▸ **Task objective**: All lines in the data bearing the string "Clauen" should be identified and copied.

#### Provided records ####

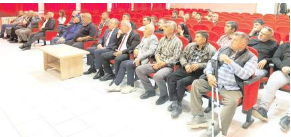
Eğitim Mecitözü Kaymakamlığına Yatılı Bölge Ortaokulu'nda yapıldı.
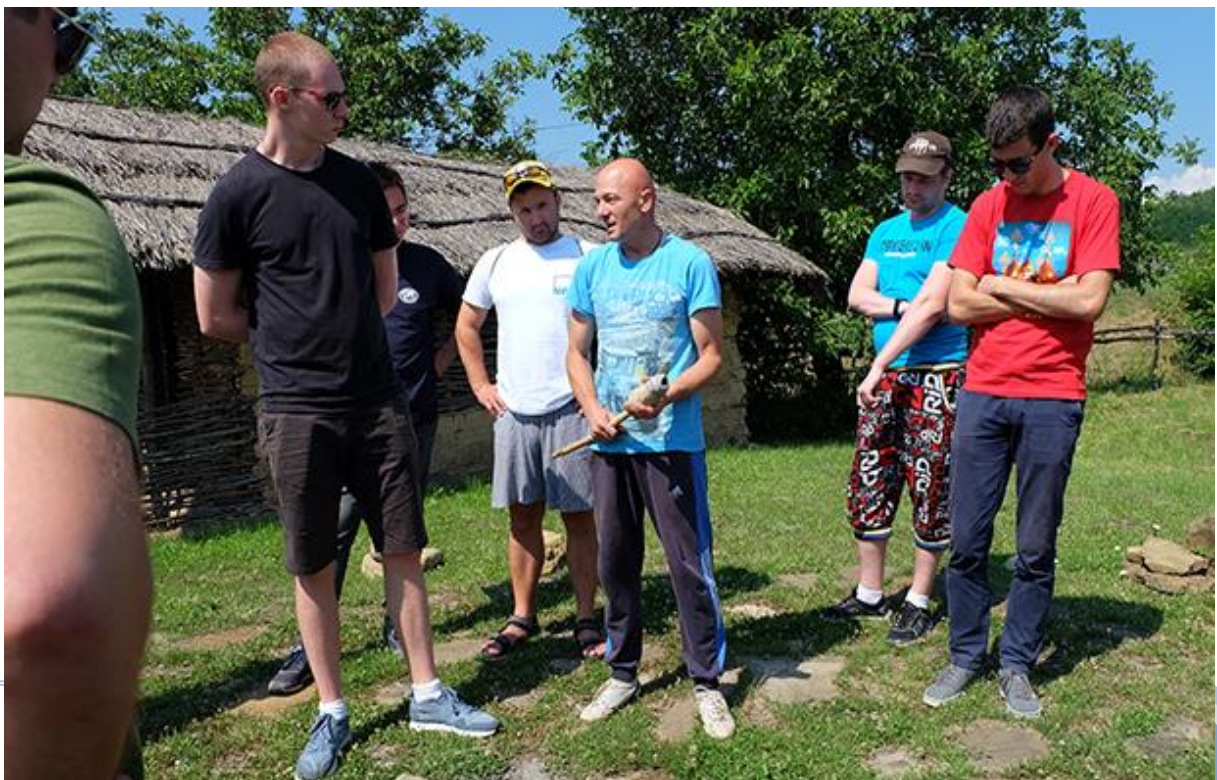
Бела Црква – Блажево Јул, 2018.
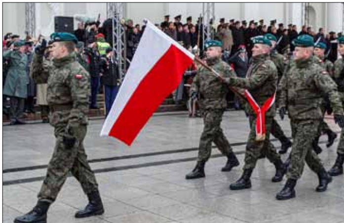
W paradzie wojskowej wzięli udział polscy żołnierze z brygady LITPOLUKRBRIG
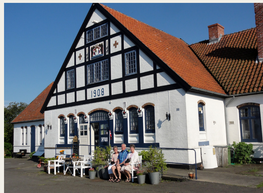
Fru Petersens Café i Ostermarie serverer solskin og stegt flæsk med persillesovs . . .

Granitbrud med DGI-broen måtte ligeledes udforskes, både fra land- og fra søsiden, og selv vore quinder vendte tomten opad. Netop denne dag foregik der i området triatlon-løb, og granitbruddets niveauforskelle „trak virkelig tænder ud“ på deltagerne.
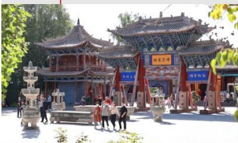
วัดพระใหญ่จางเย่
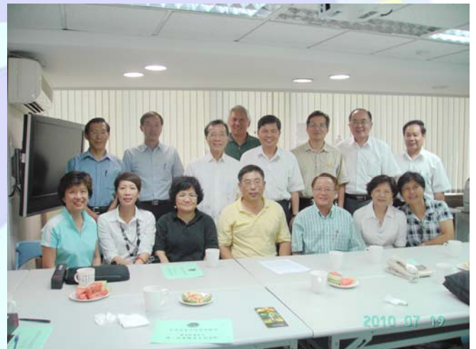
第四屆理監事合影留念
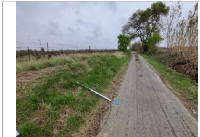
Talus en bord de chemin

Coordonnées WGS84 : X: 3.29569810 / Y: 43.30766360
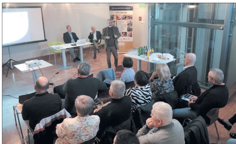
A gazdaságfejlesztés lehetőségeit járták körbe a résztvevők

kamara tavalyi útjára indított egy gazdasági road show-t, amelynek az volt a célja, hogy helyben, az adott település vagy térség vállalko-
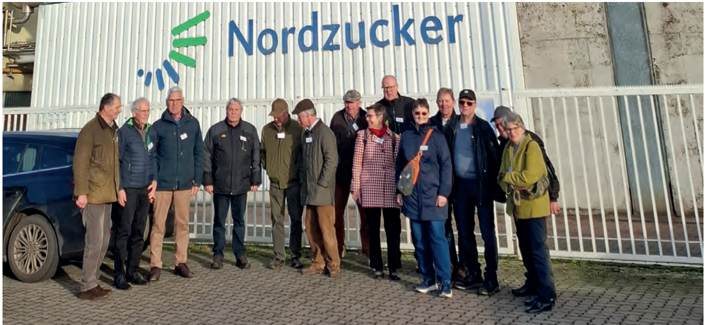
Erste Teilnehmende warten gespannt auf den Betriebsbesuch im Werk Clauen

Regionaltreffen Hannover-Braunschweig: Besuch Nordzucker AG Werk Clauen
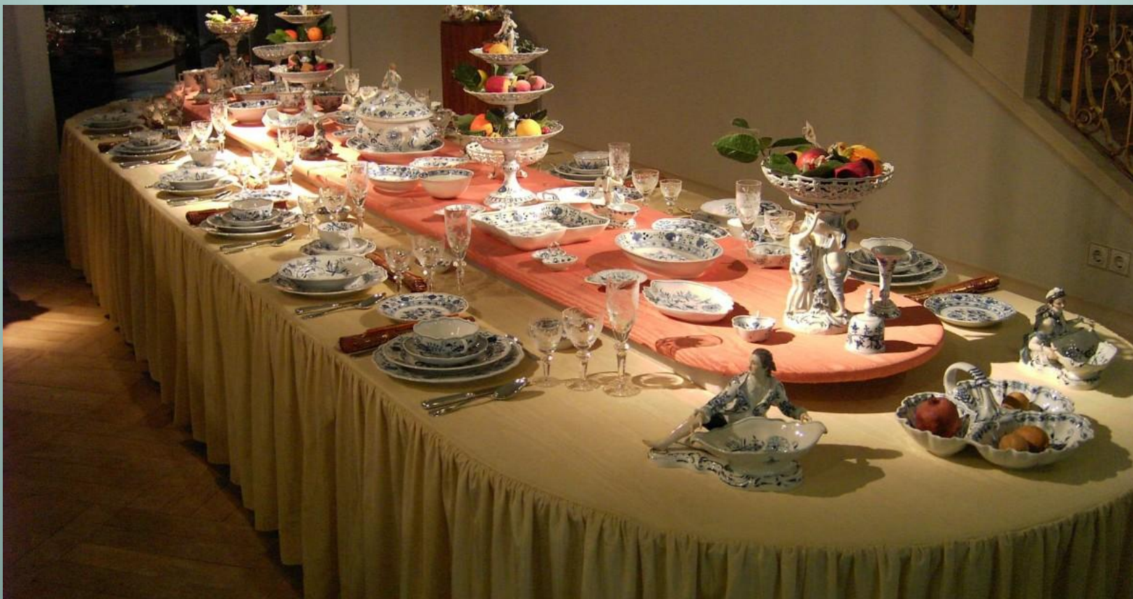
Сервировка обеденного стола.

####

▸ **Solution**:
Erste Teilnehmende warten gespannt auf den Betriebsbesuch im Werk Clauen
Regionaltreffen Hannover-Braunschweig: Besuch Nordzucker AG Werk Clauen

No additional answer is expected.